…Like a Circle in a Spiral…
Imagine watching your own death and destruction live on TV. That was the experience of the 146 passengers and crew of JetBlue Flight 292 which avoided a tragic ending thanks to the incredible competence and heroic efforts of Pilot Scott Burke.
The CNN story based on the AP feed starts:
The airliner circled Southern California for hours, crippled by a faulty landing gear, while inside its cabin 140 passengers watched their own life-and-death drama unfolding on live television.
While satellite TV sets aboard JetBlue Flight 292 were tuned to news broadcasts, some passengers cried.
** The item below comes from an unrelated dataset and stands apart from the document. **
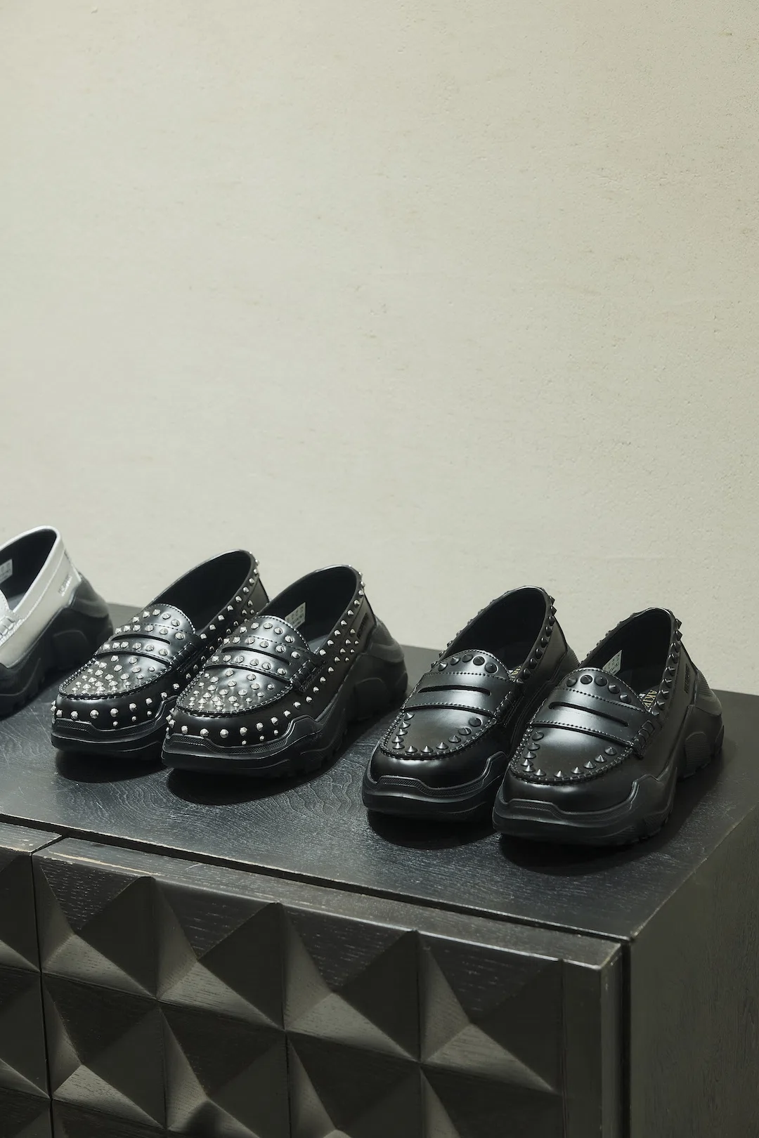 <AKIKOAOKI>のシグネチャー「Regulated Gravity」をベースに、<WE11DONE>らしいスタッズや4cm/7cmプラットフォームソールで再解釈し、パンクマインドとハイファッションのムードを同居させた一足に。

Others tried to telephone relatives and one woman sent a text message to her mother in Florida attempting to comfort her in the event she died.
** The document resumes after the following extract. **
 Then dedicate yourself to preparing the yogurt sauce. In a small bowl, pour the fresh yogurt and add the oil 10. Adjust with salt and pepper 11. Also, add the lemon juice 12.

“It was very weird. It would’ve been so much calmer without” the televisions, Pia Varma of Los Angeles said after the plane skidded to a safe landing Wednesday evening in a stream of sparks and burning tires. No one was hurt.
Very little notice has been given to the fact reported in Toronto’s Globe and Mail that…
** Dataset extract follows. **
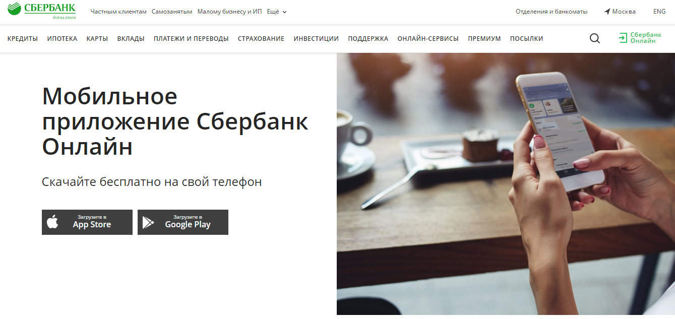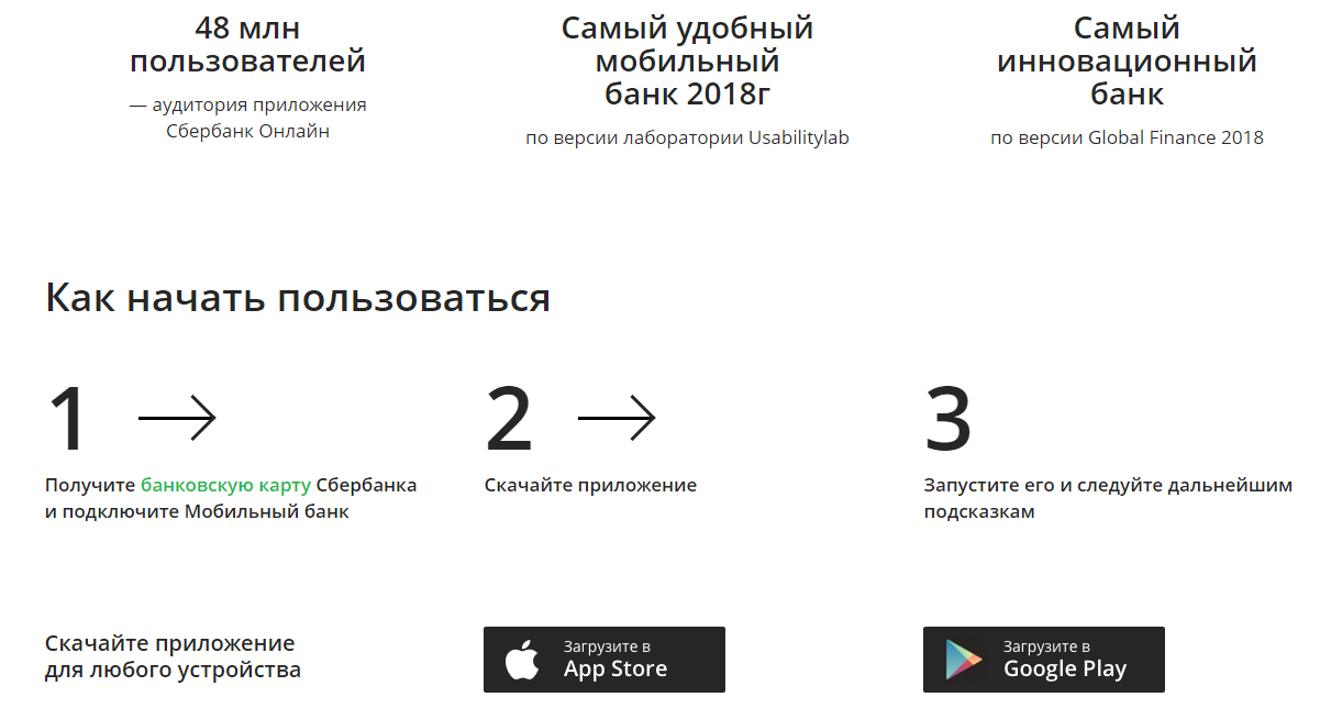 - скачивание и установка приложения на мобильное устройство пользователя. Ссылки на официальные онлайн-магазины App Store и Google Play размещаются практически на каждой странице портала Сбербанка;

…this kind of incident had happened on Airbus 320s at least four times before. The most recent was in 1999, which resulted in a mandatory airworthiness directive to all airlines operating the aircraft to fix possible faults with O-ring seals in the landing-gear steering module.
This time the ultimate tragedy was avoided. A change in procedure or equipment or priority is needed to make sure there is not a next time. On the issue of live news feeds to the cabin so passengers can watch their own demise, there will undoubtedly be a long ongoing debate. My own feelings are mixed. I personally would want the most information I could get, but I also readily acknowledge there are others who not only would not want to know, but are not emotionally equipped to cope with the stark reality of such a situation.
My only trepidation is that just as the critical moment of my demise was about to occur, the network would break for a commercial to sell us insurance or tires or a Caribbean vacation cruise.
Head nod to Amba for the original link and thought for this post. And thanks to the amazing Richard for the name of the pilot; I have yet to find that factoid anywhere else. Which begs the question: How does Richard know? Did he make it up? Naaaahhhhh…
4 Comments so far
If I am facing imminent demise in a potential airliner crash, the very last thing in the world I want is @#$% television flickering in my vision field. Should I be so unlucky as to be in that position, there had better be an off button on my screen.
Nope, that’s his name, all right. He was on the front page of one of the New York tabloids.
For the record, you CAN push a button and make your Jet Blue mini-TV go dark and silent — though not those of your neighbors.
I’d probably chew down a xanax or two and say my Act of Contrition just in case….Whew! Thank God for the pilot’s competence is right!
I watched the last 45 minutes of the drama unfold and was thinking the same thing. Later on I heard a guy interviewed and he mentioned how he kept flicking back and forth between watching himself circle the skies before his possible death and Comedy Central. Now there’s a guy with some perspective!
When I was 18 I was in a 747 in which one of the engines caught on fire and we had to land in Toronto (the route was Montreal - Vancouver). I feel asleep on the flight while others panicked. Now I’m definitely *not* 18 and would be in the second group!